(Records drawn from a dataset)
------------

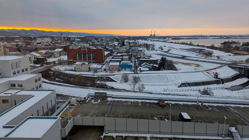 市立病院の7階から見た立体駐車場の屋上階です。昨日の午前6時34分。病院の朝は早く午前6時起床ですから一昨日降った雪をロードヒーティングが解かしているところです。こんなに早朝でも除雪をしている人がいます。
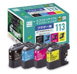 使用済みインクカートリッジを回収し再利用した商品です。カートリッジは再利用を行い独自開発のインクを充填しております。 ECI-BR113-4P ECI-BR113B、ECI-BR113C、ECI-BR113M、ECI-BR113Y |
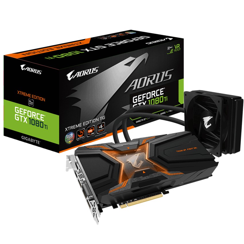 Descripción Gigabyte AORUS GeForce GTX 1080 Ti Waterforce Xtreme Edition. Familia de procesadores de gráficos: NVIDIA, Procesador gráfico: GeForce GTX 1080 Ti, Frecuencia del procesador: 1632 MHz. Capacidad memoria de adaptador gráfico: 11 GB, Tipo de memoria de adaptador gráfico: GDDR5X, Ancho de datos: 352 bit, Velocidad de memoria del reloj: 11448 MHz. Máxima resolución: 7680 x 4320 Pixeles. Versión DirectX: 12.0, Versión OpenGL: 4.5, Dual Link DVI. Tipo de interfaz: PCI Express x16 3.0. Tipo de enfriamiento: Líquido, Número de ventiladores: 1 Ventilador(es)
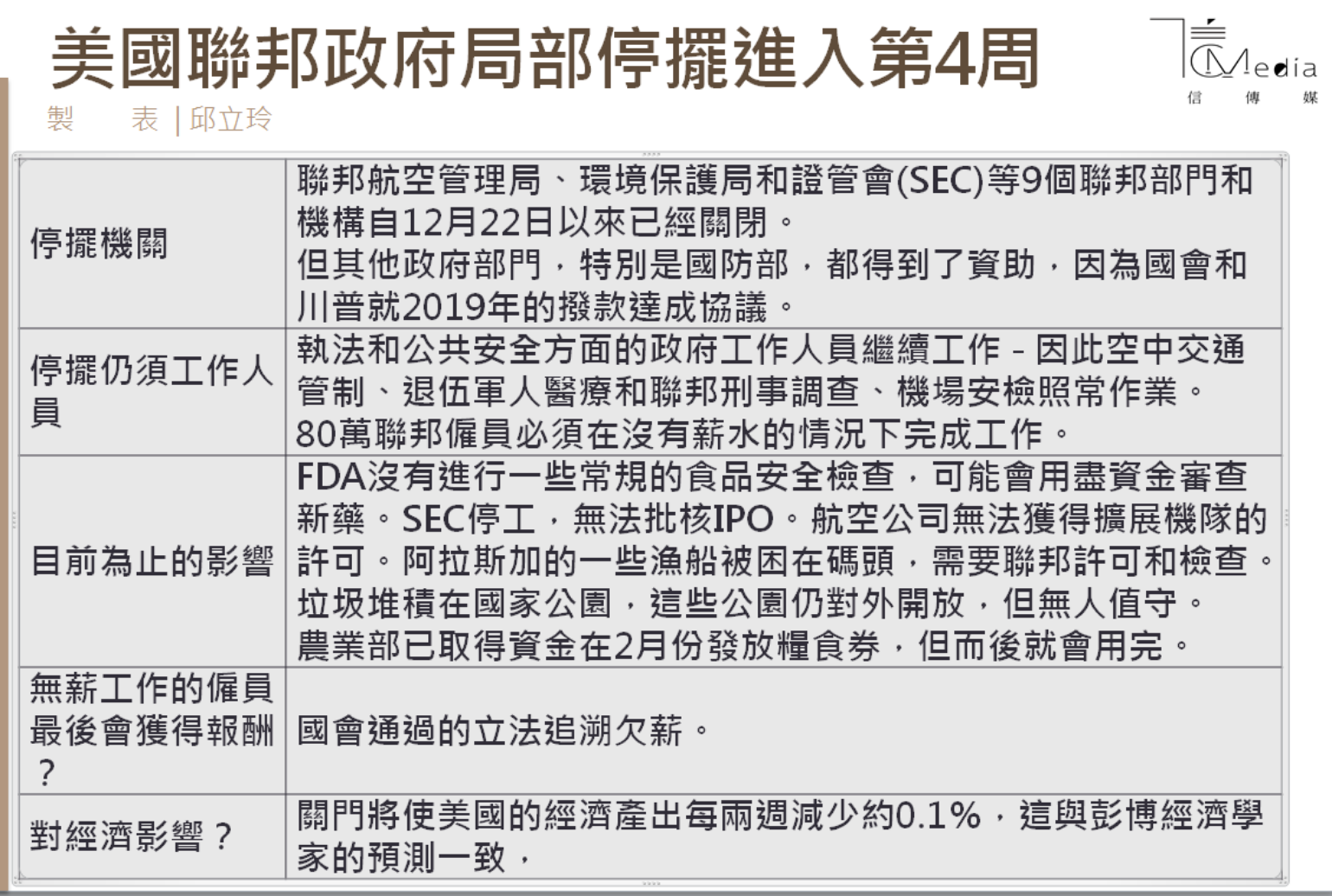 美國政府自12月22日局部關門至今,邁入第4周,而1月17日剛好為第27日停擺,已創下最長關門紀錄,局部停擺已產生廣泛的影響,經濟、機場安檢和民眾等各方面正面臨壓力。
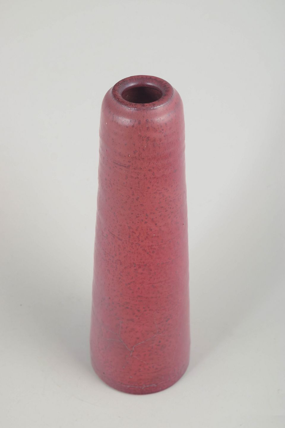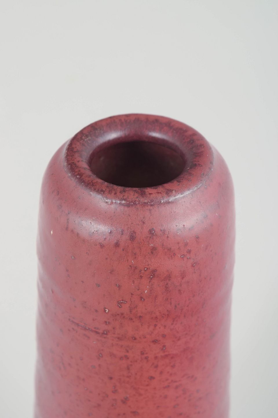 Large, hand-glazed vase in the classic Mobach style with a cylindrical, gently tapered form and a deep red glaze with subtle surface variation. A striking and decorative piece from the workshop’s 1970s production.
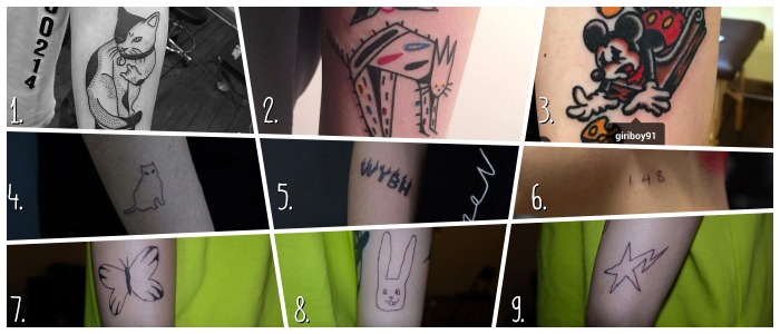 1. 2017-ben készült el második tetoválása, egy macska, ami kutyakonzerven ül. | 2. 2015-ben készült el az első tetoválása, ami Picasso stílusban ábrázol egy macskát. | 3. 2016-ban készült a Mickey egeret ábrázoló. | 4-5. 2017-ben készült mind a két tetoválása, előbbi egy macskát ábrázol, míg utóbbi a WYBH rövidítést. A WYBH (WooJooBiHaeng, ami űrrepülést jelent) egy művész kollektíva. Giriboy alapította 2016-ban. | 6. Szintén 2017-ben varratta magára a 148-as számkombinációt. Giriboy álmában leejtette a One Piece manga 148. számát és hiába próbálta elkapni, nem sikerült neki. Valósnak érezte az álmot. Majd másnap DJ SQ nyert egy díjat a 148-as számmal. Szintén 148-nak nevezte el a saját ruhakollekcióját. | 7-8-9. 2020-ban az alábbi három tetoválás mellett döntött.
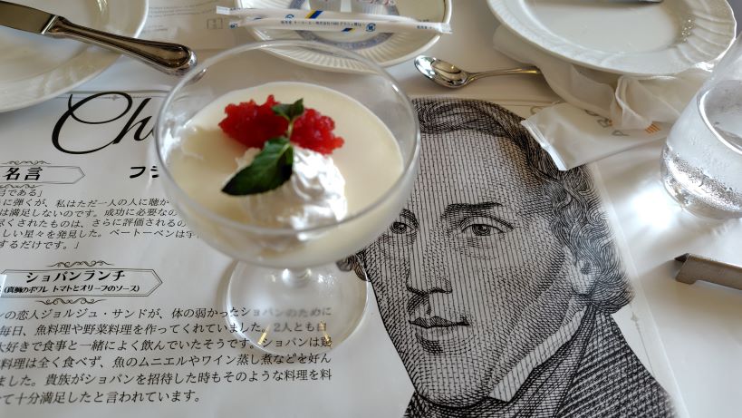 昨日の続き。 今回のメインは「河口湖音楽と森の美術館」でコース料理を食べること。 肉か魚を選べるので、妻と別々の料理を頼んでみた。 サラダから一つずつ運ばれてくるので、雰囲気はあるが時間はかかる。ピアノの生演奏が聴けるが、朝ドラの主題歌だったり、鬼滅の刃だったりして、ピアニストの工夫が感じられた。 コースは団体客向けのもので、ここにメニューがある。 一番安いコースだったのだが、ちゃんとしたものだった。 コース名がクラシック音楽家名になっていて、一番高いのがバッハ。 それは意義がないが、その後のランキングは、人によっていろいろ評価が分かれるところだろう。 コースによって、写真のような紙のランチョンマットが敷いてあり、料理を待つ間に作曲家の事跡を知ることができる。 オルゴール演奏などいろいろ時間ごとにイベントがあるのだが、滞在時間二時間でも、食事に一時間かけるので、オペラだけ見ることができた。 声楽家と進行役がコミカルな掛け合いで歌や自動演奏を聴かせる。 オペラは聴いてもわからないが、「フニクラフニクラ」をコミカルに聞かせたりする。 それにしても、声楽家というのは、なにをどうやったらあんな声が出るのか不思議だ。 オペラの後で見たからくり人形。 こういうのは日本にもあるが、感性が違う。 広い施設ではないのだが、ここはもっと時間をかけてじっくり楽しみたい施設だった。 ドラスを着られるプリンセス体験もある。 子供用のドレスもあるので、娘がいたら着せてみたくなるだろう。 着ている若い女性もいた。 開国からの旅行者はあまりいなかったが、日本に来てフランス風のものを見ようとは思わないのだろう。
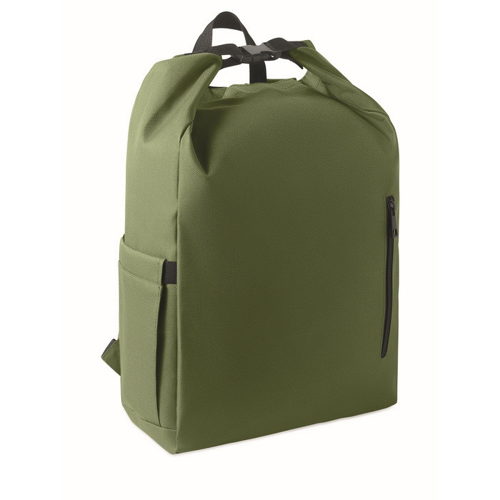 Roll-top rugzak van RPET 600D polyester met gevoerde RPET 210D voering, ontworpen voor het vervoeren van een laptop tot 15 inch en werkaccessoires. Inclusief een voorvak met rits om kabels, oplader of documenten te organiseren, plus een elastisch zijvak voor een fles of paraplu. De verstelbare schouderbanden zorgen voor een comfortabele pasvorm tijdens dagelijkse verplaatsingen. Een praktische optie voor interne uitrusting, welkomstpakketten of corporate merchandisingacties.
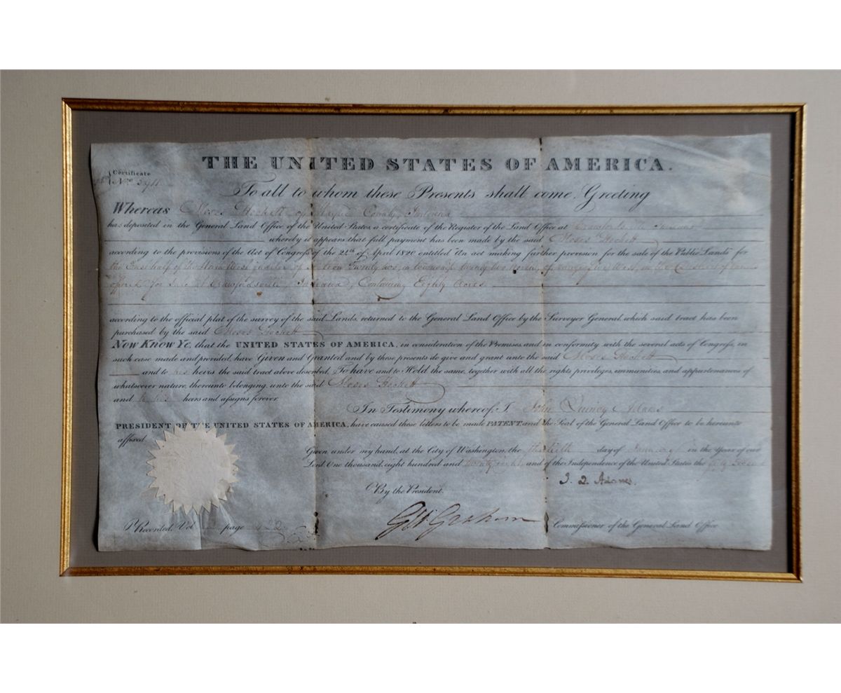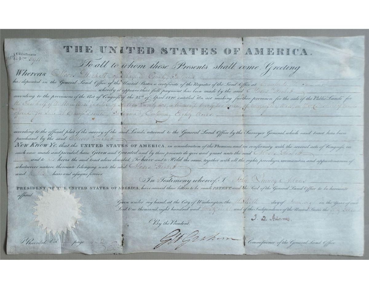 Sixth President of the United States from 1825 to 1829. Partly-printed vellum DS. Land Grant for a Moses Hockett of Wayne Country Indiana, dated January 13th, 1828. Moses Hockett, b 22 Oct 1770, He moved from North Carolina to Ohio, Tennessee, and finally Indiana. In Good Condition and has been loosely framed. Condition is good and signature is clear and darker than some of the other writing within the document.
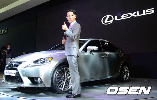 28일 일산 한국국제전시장(KINTEX, 이하 킨텍스)에서 열린 '2013서울모터쇼(Seoul Motor Show 2013)' 프레스데이에서 렉서스 뉴 제네레이션 IS를 공개, 렉서스 나카바야시 히사오 대표가 포즈를 취하고 있다.

------------

> **TASK ITEM**:
Using the data above, which lines fall from the one with "Descripción Gigabyte AORUS" through the one with "Large, hand-glazed vase"? Repeat them exactly, ends included, minus any pictures.

> **REPLY TO THE EXERCISE**:
 Descripción Gigabyte AORUS GeForce GTX 1080 Ti Waterforce Xtreme Edition. Familia de procesadores de gráficos: NVIDIA, Procesador gráfico: GeForce GTX 1080 Ti, Frecuencia del procesador: 1632 MHz. Capacidad memoria de adaptador gráfico: 11 GB, Tipo de memoria de adaptador gráfico: GDDR5X, Ancho de datos: 352 bit, Velocidad de memoria del reloj: 11448 MHz. Máxima resolución: 7680 x 4320 Pixeles. Versión DirectX: 12.0, Versión OpenGL: 4.5, Dual Link DVI. Tipo de interfaz: PCI Express x16 3.0. Tipo de enfriamiento: Líquido, Número de ventiladores: 1 Ventilador(es)
 美國政府自12月22日局部關門至今,邁入第4周,而1月17日剛好為第27日停擺,已創下最長關門紀錄,局部停擺已產生廣泛的影響,經濟、機場安檢和民眾等各方面正面臨壓力。
 Large, hand-glazed vase in the classic Mobach style with a cylindrical, gently tapered form and a deep red glaze with subtle surface variation. A striking and decorative piece from the workshop’s 1970s production.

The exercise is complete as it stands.